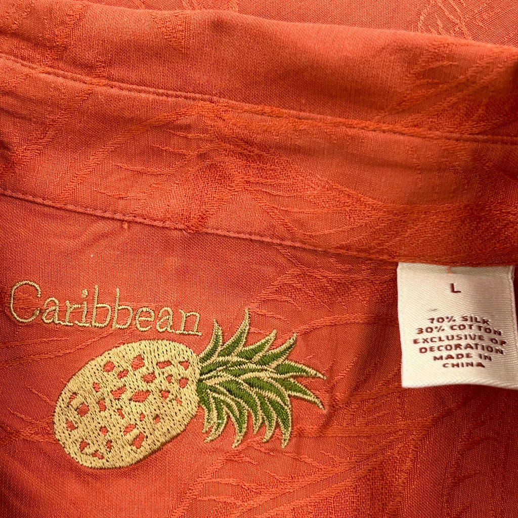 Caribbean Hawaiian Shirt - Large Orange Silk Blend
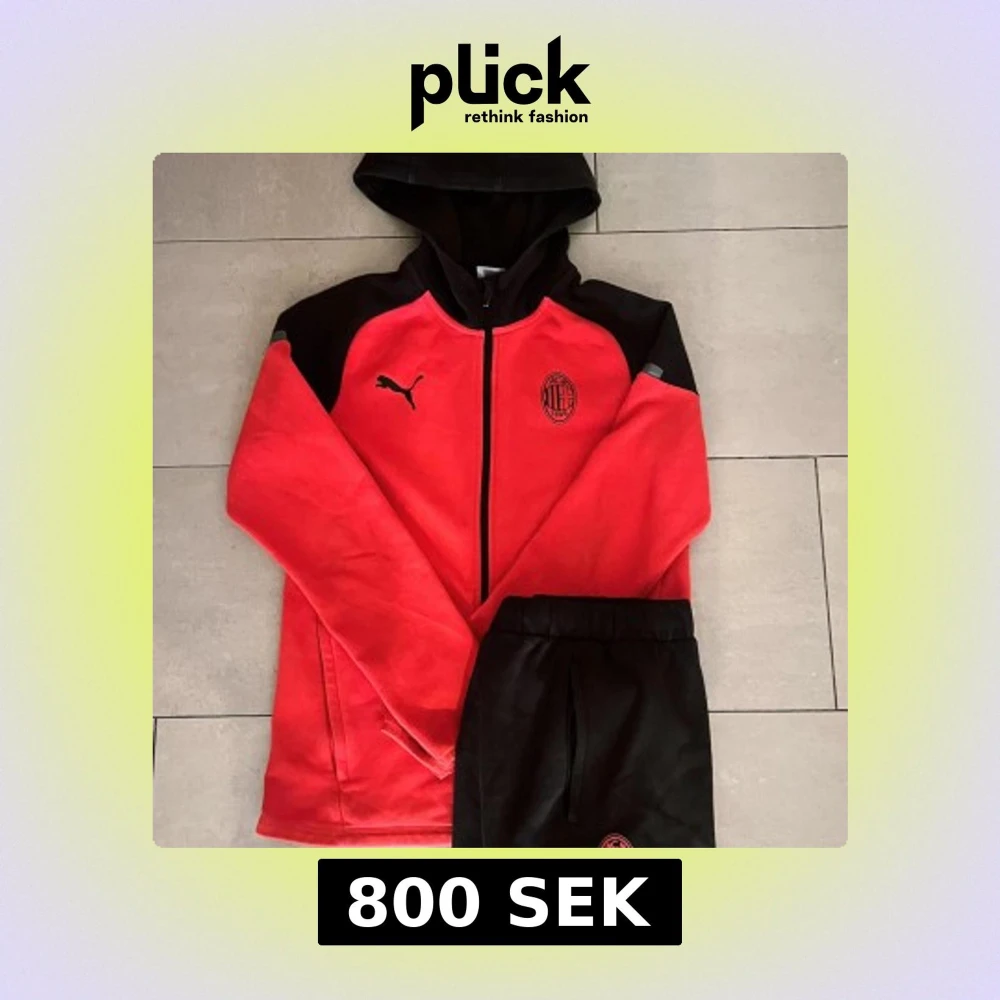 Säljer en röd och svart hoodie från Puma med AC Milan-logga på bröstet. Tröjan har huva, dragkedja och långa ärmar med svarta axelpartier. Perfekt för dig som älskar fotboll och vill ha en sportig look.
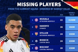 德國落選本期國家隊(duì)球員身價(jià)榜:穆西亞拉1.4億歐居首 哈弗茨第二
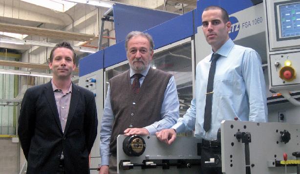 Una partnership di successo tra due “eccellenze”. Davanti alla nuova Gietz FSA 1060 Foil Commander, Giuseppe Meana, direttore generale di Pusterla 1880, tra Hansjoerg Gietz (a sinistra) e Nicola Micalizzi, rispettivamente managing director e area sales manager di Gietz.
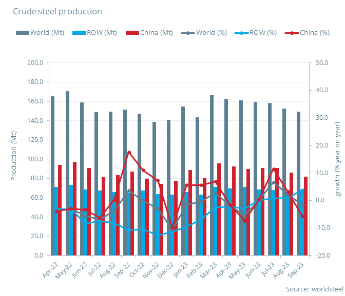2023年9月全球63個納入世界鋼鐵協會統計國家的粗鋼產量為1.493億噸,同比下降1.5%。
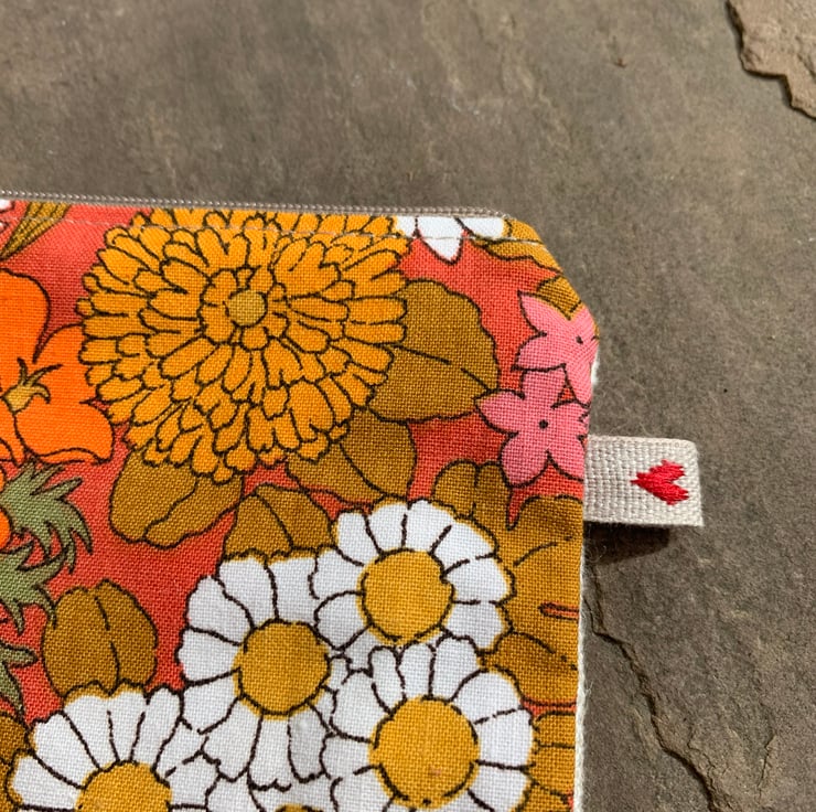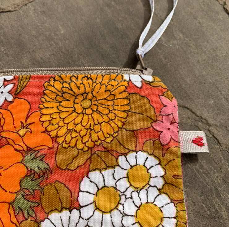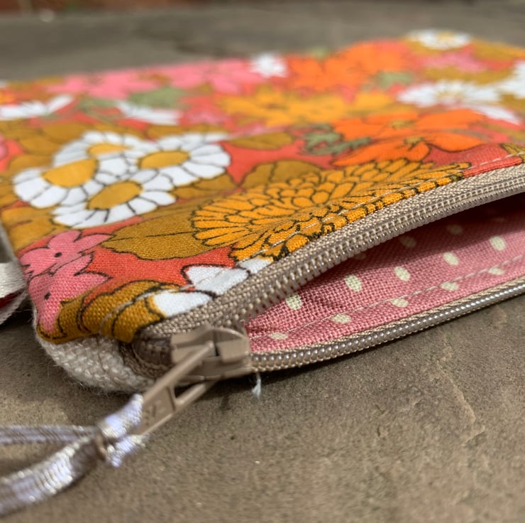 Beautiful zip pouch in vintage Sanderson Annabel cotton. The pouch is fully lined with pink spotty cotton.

...

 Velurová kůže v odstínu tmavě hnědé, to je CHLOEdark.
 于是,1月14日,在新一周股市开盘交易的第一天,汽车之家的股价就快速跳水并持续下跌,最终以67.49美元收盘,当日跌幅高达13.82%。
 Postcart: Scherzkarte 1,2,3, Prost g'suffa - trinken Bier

> **Required action**
Please print the lines above word for word, starting at the one with "Una partnership di" and ending at the one with "Beautiful zip pouch", both included, and without any picture.

> **Exercise result**
 Una partnership di successo tra due “eccellenze”. Davanti alla nuova Gietz FSA 1060 Foil Commander, Giuseppe Meana, direttore generale di Pusterla 1880, tra Hansjoerg Gietz (a sinistra) e Nicola Micalizzi, rispettivamente managing director e area sales manager di Gietz.
2023年9月全球63個納入世界鋼鐵協會統計國家的粗鋼產量為1.493億噸,同比下降1.5%。
 Beautiful zip pouch in vintage Sanderson Annabel cotton. The pouch is fully lined with pink spotty cotton.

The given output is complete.